So I haven’t been writing much on either of my blogs.

I have been so very busy doing nothing much!

Way back when, I posted about needing to go to Specialists such as gastrointerologist, eye doctors for my floater and a cardiologist. I obtained these referrals in August. What month is it now? April!

I finally made an appointment for an ophthalmologist. It was a good thing my husband was available that day to drive because when they called to confirm they told me I may need to have another driver since they were going to dilate my eyes with drops and I may have blurry vision for some time afterward. They were right! And not only were they blurry, the sunlight was a killer!

So back to the appointment. I was seeing a floater – a line in my left eye that starts in the upper right corner and floats down to the lower left. I see this mainly against a solid vision. White light. So to say.

We discuss some things and he does test. He tells me the floaters do not bother him- many people have floaters, most are harmless – annoying but harmless. Mine were the annoying kind, ones I see every once in a while. He explained my floaters in this way…

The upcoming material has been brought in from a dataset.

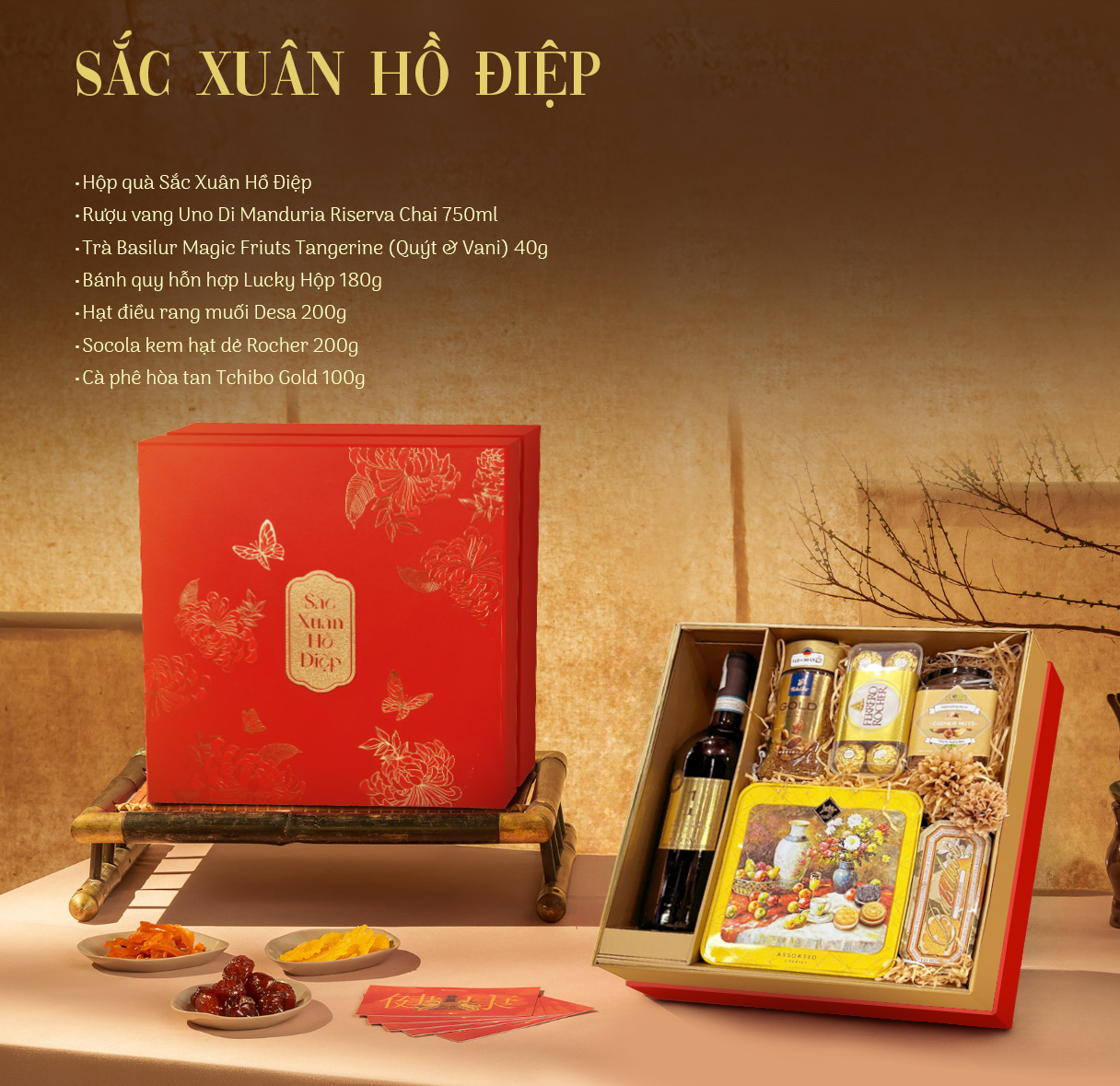 Sắc Xuân Hồ Điệp nổi bật với sắc đỏ rực rỡ, biểu tượng của Tết và sự hân hoan. Điểm nhấn vàng tinh tế tượng trưng cho sự thành công và phú quý, hộp quà là lời chúc trọn vẹn về tài lộc và hạnh phúc dành tặng đối tác, khách hàng trong năm mới.

Did you catch my plural – floater(s). I thought I only had one! But apparently they are in my right eye as well.

Think of a projection screen. You will see a box of white light on the wall coming from the projector. There is always at least one in the crowd that will intercept that light projection and make finger puppets or whatever on the wall! If it is done in front of the white light, you see the shadow. If it is done above or below you do not see the shadow, but the gesture is still there. That is how it is with these protein deposits on my Vitreous Humor. If it doesn’t catch the light, you won’t see it. If it does, you see it! So it is normal and I shouldn’t worry about it.

However….

And there is always a “however” with me.

He is concerned about the glaucoma that runs in my family. Preliminary tests that he took has my eye pressure at 20. Normal range, he says is from 10 – 21 so he is concerned. However the web site for the Glaucoma Research Foundation says that range is from 10 – 20.  Either way I am at the high end and he wants to take more tests and monitor me.

Here is where my neurosis comes in (neurosis as my doctor puts it not as hypochondria as I explained!)

He explained that my Glaucoma effects the optic nerve. I hear this and immediately think about an article I just read in my local paper about Multiple Sclerosis. It stated something about damage to the optic nerve. (Remember I also have herniated discs. So I think discs are herniated because my muscles are getting weak and putting pressure on my back. I also have pain in my arms, etc. which I attribute to undiagnosed herniated discs in my upper body.)

He then proceeds to tell me, I am being “neurotic”. I am basically telling him, “doctor, my foot hurts, I think I am having a heart attack.” I then tell him OK so maybe I am being a hypochondriac but I wanted to rule the possibility out. He then says, “no, a hypochondriac would have some basis for their fear such as ‘my foot hurts, I think I have gout.’ ”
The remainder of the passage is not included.